Когда я распрощался с женой Берени и отправился в сторону площади Кальвина, я окончательно понял, что такое свобода. Даже если под свободой мы понимаем не эйфорию, какую чувствует пилот, взлетающий в небо, и не право выбора, и не странный, немного ханжеский, настрой, когда мы, сообразуясь с нашими моральными принципами, вольны решать или осуждать, и вдобавок решение целиком и полностью совпадает с самыми нашими тайными мечтаниями и чувствами. Свобода — это не черные чернила на белой бумаге. Не четыре скрипичные струны и не десять тысяч органных труб. Не Диогенова бочка и не мгновение, когда остановится бутафорский Божий будильник и неведомая сила раздвинет прутья в клетке ребер. По-моему, свобода — это состояние, когда ничто не привязывает нас к окружающей действительности. Когда у нас ни мечтаний, ни страстей, ни страхов. Когда у нас нет ни цели, ни бесцельности, когда этот вакуум абсолютного безразличия не причиняет нам боль. Свобода удивительна в своей бесцветности. Она совершенно непохожа на равнодушие, поскольку последнее невыносимо цинично, непохожа на отчаяние, когда нечего терять, потому что отчаяние всегда скрывает стыд или тайную надежду. Если уж совсем на все наплевать, это архичеловечно. Свобода — это антипод отчаяния, это обесчеловечивающее состояние.

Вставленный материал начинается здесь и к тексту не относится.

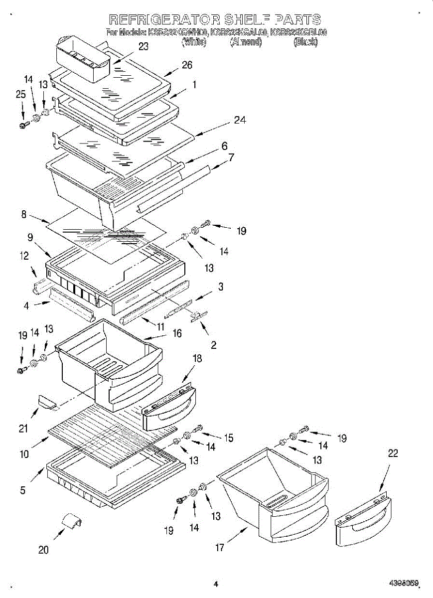 Parts for Kitchenaid KSRS22KGAL00: 03 - Refrigerator Shelf Parts
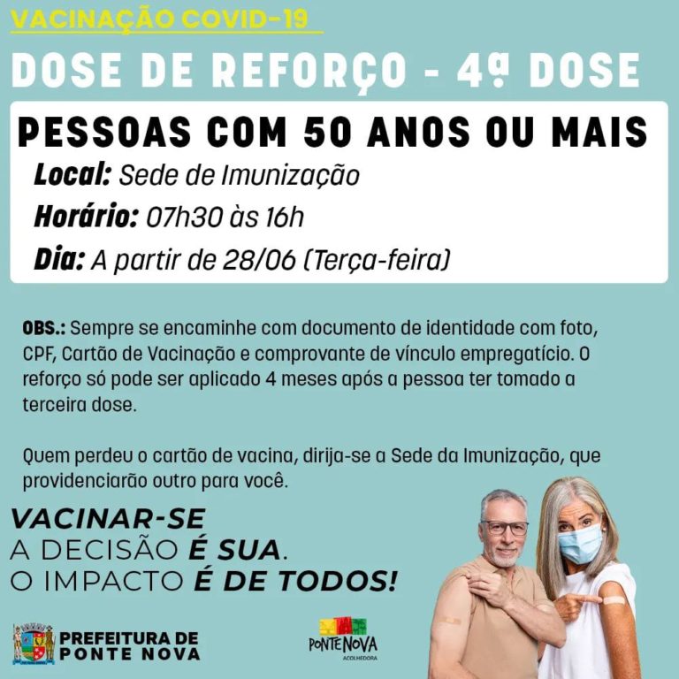 Veja na imagem data e horário da quarta dose para pessoas de 50 anos ou mais. A vacinação acontecerá na Sede de Imunização (ao lado
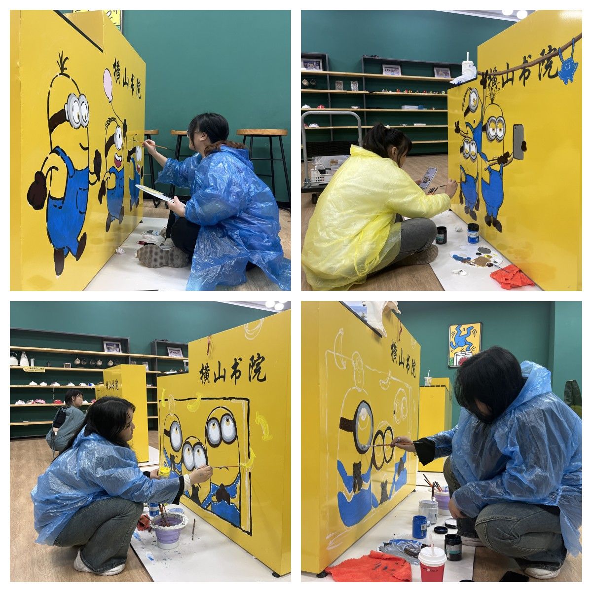 丰富学子们的校园生活,增强动手能力,横山书院Splatoon涂鸦工作室以学生为核心,结合艺术和创意思维特点,整合、提炼涂鸦文化内涵,在本学期开展了百人涂鸦系列活动。同学们在空白的墙上尽情发挥想象,创作出自己的一方天地。打造了以“涂鸦”为核心的墙文化主题校园大环境,焕新书院空间,构建工匠精神和校园新文化,同时也提高了同学们的团队合作精神与社交能力。
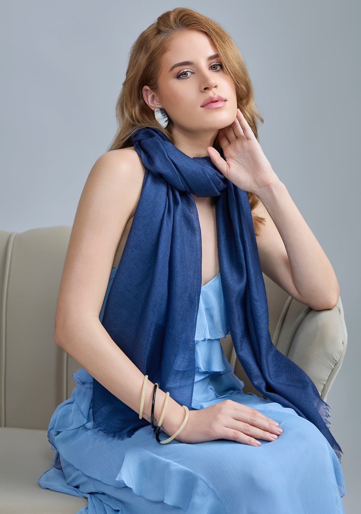 This Marine Blue Superfine Cashmere Pashmina Scarf is the most versatile accessory you'll ever own. Its lightweight and breathable weave offers year-round comfort with a supremely soft and fine texture, making it a favourite for both women and men.
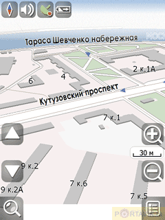 Скорость загрузки навигационной программы Навител у обоих коммуникаторов оказалась примерно одинаковой — 5-6 секунд. А так (справа — HTC Touch Pro) на экранах коммуникаторов выглядит один и тот же участок навигационной карты в одинаковом масштабе: ![]()
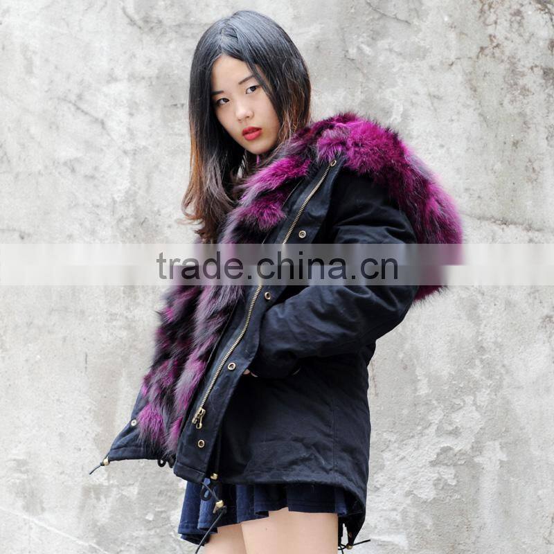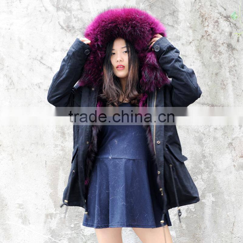 CX-G-P-05K Women Real Raccoon Fur Collar Decorate Real Fox Fur Parka
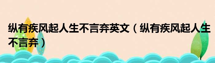 大家好,今天小六子来为大家解答以下的问题,关于纵有疾风起人生不言弃英文,纵有疾风起人生不言弃这个很多人还不知道,现在让我们一起来看看吧!
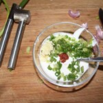 Dodaj posiekaną dymkę, łyżeczkę ostrego sosu, zmiażdżony ząbek czosnku i nieco soli.
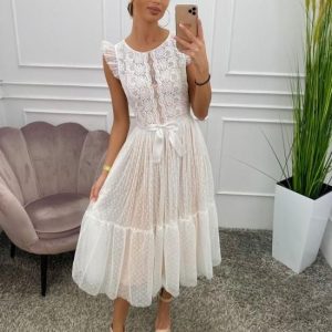 Sukienka koronkowa z tiulem midi Aurella biała m
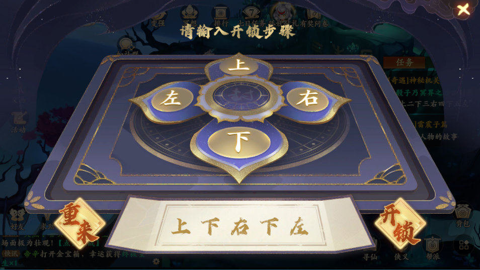 3、对话后按照“上下右下左”的顺序点击对应的图标输入,最后点击开锁即可
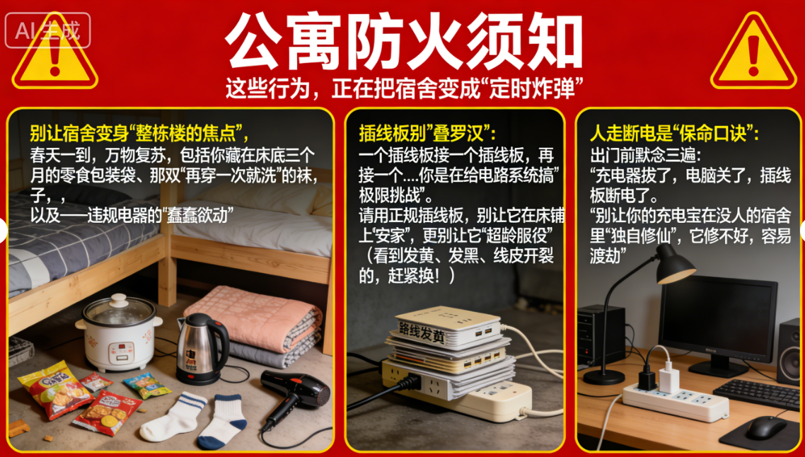 电动车:别让它“火”起来:校园里的“小电驴”是你的代步神器,但请千万别把电池带上楼充电!也别从楼上“飞线”充电。锂电池起火的特点是:瞬间爆燃、扑救困难、毒烟巨大。别心存侥幸,你的“方便”可能让整栋楼的人“逃命”。
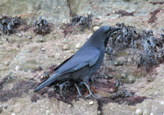 Jackdaws have a charming habit of strutting with their heads held at a fantastically pompous angle (have a look at the video below). They, along with other members of the crow family, search the strandline for insects and whatever else they can find that might be tasty. Jackdaws are related to crows (below right) but seem a bit more friendly and a little more camp.
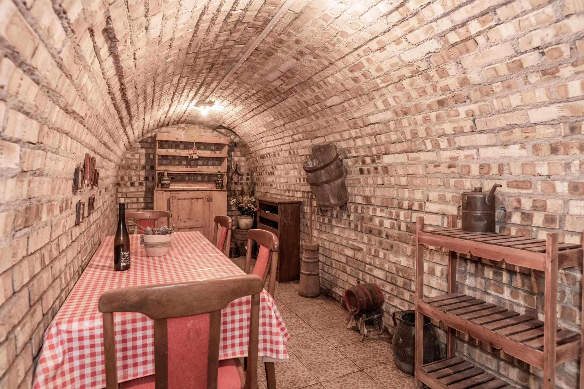 Az épület alatt egy borospince került kialakításra, ahol a vendégek összeülhetnek egy pohár bor társaságában.

Пошел дождь, и я спрятался под навес газетного ларька. Продавец спросил, нужно ли мне что-то, я сказал, нет. На островке тротуара напротив мать тормошила ребенка, потому что пацан не хотел надевать капюшон, затем пришел трамвай. Некоторые торопились, бежали, чтобы успеть, пожилая женщина, держа ридикюль над головой, ринулась на красный, машины сигналили — жить надоело, матьтвою? Городские альпинисты устанавливали новый рекламный щит. Один из них оттолкнулся ногой от арматуры, описал в воздухе гигантский полукруг, словно какой-то маятник, отдал напарнику инструменты, и затем, снова оттолкнувшись, перемахнул обратно. Я не мог вспомнить, какая реклама была здесь раньше — “Лотототто”, или “Фабулой”, хотя я проходил здесь минимум два раза в день. И это меня страшно раздражало, я не люблю забывать. Наконец я спросил у продавца в газетном киоске, он сказал, “Фабулой”.
В подземном переходе работал кофейный автомат, я пил черный кофе и перебирал знакомых, с кем бы мне пообщаться.
С одним я иногда говорил о литературных журналах, а с другим о выставках — если ты не в тусовке, кури бамбук, старина, даже крошечную заметку не опубликуешь в “2000”, тебя даже смотрителем не возьмут в выставочный зал. С третьим я беседовал о жизни, у обоих все из рук вон плохо — остается пустить себе пулю в лоб или завести ребенка. А потом я вспомнил, что у меня остался ключ от Нап, могу там пробыть, сколько захочу.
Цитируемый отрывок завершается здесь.